8. OpenTelemetry 可观测性 / Observability
8.1 总体设计
Canvas run goroutine (Go)
↓
eino Graph Engine
↓ (OnStart / OnEnd / OnError auto-injected)
callbacks.Handler (业务实现)
├─ OTelHandler
│ └─ 开始 span → 注入 attributes → 结束 span
│ └─ otlphttpexporter → OTel Collector (外部)

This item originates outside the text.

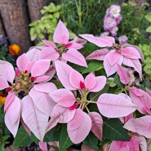 ポインセチア プリンセチア この時期になるとついつい欲しくなって買っちゃいます。クリスマスが近くなったな~😉👍️✨ GSを始めてから ポインセチアが冬を越せると知り、ただ短日処理をしないと葉も綺麗に色つかないことも知り、 段ボールで蓋をしたり、夜になると鉢を移動したり頑張った時期もありましたが😅 今はこんな感じ😅 1️⃣今年のピンクのプリンセチア 2️⃣赤 3️⃣オレンジ 4️⃣白 何もしないとてっぺんの葉っぱがちょろりと色づきますが、 緑の葉っぱが多いです~。
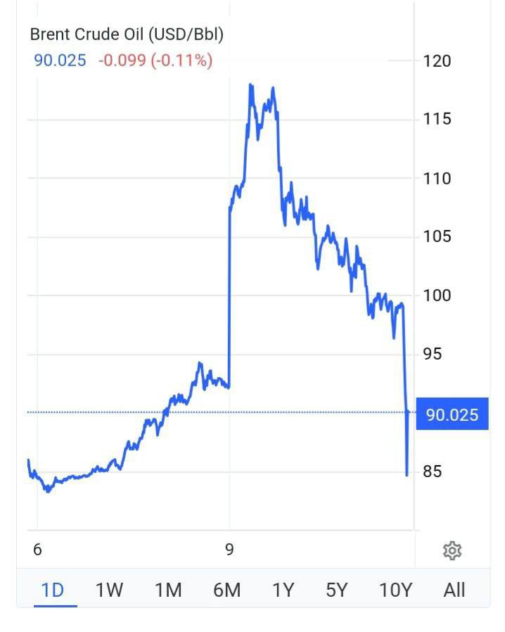 Аналітики Bloomberg зауважили, що після такої заяви американського лідера ціна на нафту відразу впала на рівень нижче 90 доларів за барель. А ще зранку в піку нафта Brent коштувала 116 доларів за барель.

│ ├─ Jaeger / Tempo (trace UI)
│ ├─ Langfuse (LLM 专门)
│ └─ Prometheus / Grafana
└─ SSEHandler (业务事件流) → admin UI
8.2 双通道分离
| 通道 | 用途 | 协议 | 消费者 |
|---|---|---|---|
| SSE | 业务事件("node 开始/结束/消息") | text/event-stream HTTP | admin UI |
| OTel span | 系统可观测性(节点耗时/错误/token) | OTLP HTTP | 运维/APM |
8.3 eino callback → OTel 映射
| eino 时机 | OTel 行为 | Span attribute |
|---|---|---|
OnStart(ctx, info, input) | tracer.Start(ctx, info.Name) → 写入 ctx | eino.component.name, eino.component.type, eino.input.size |
OnEnd(ctx, info, output) | span.End() | eino.output.size |
OnError(ctx, info, err) | span.RecordError(err) + span.SetStatus(codes.Error, ...) | eino.error.message |
8.4 启动配置
export OTEL_EXPORTER_OTLP_ENDPOINT="http://otel-collector:4318"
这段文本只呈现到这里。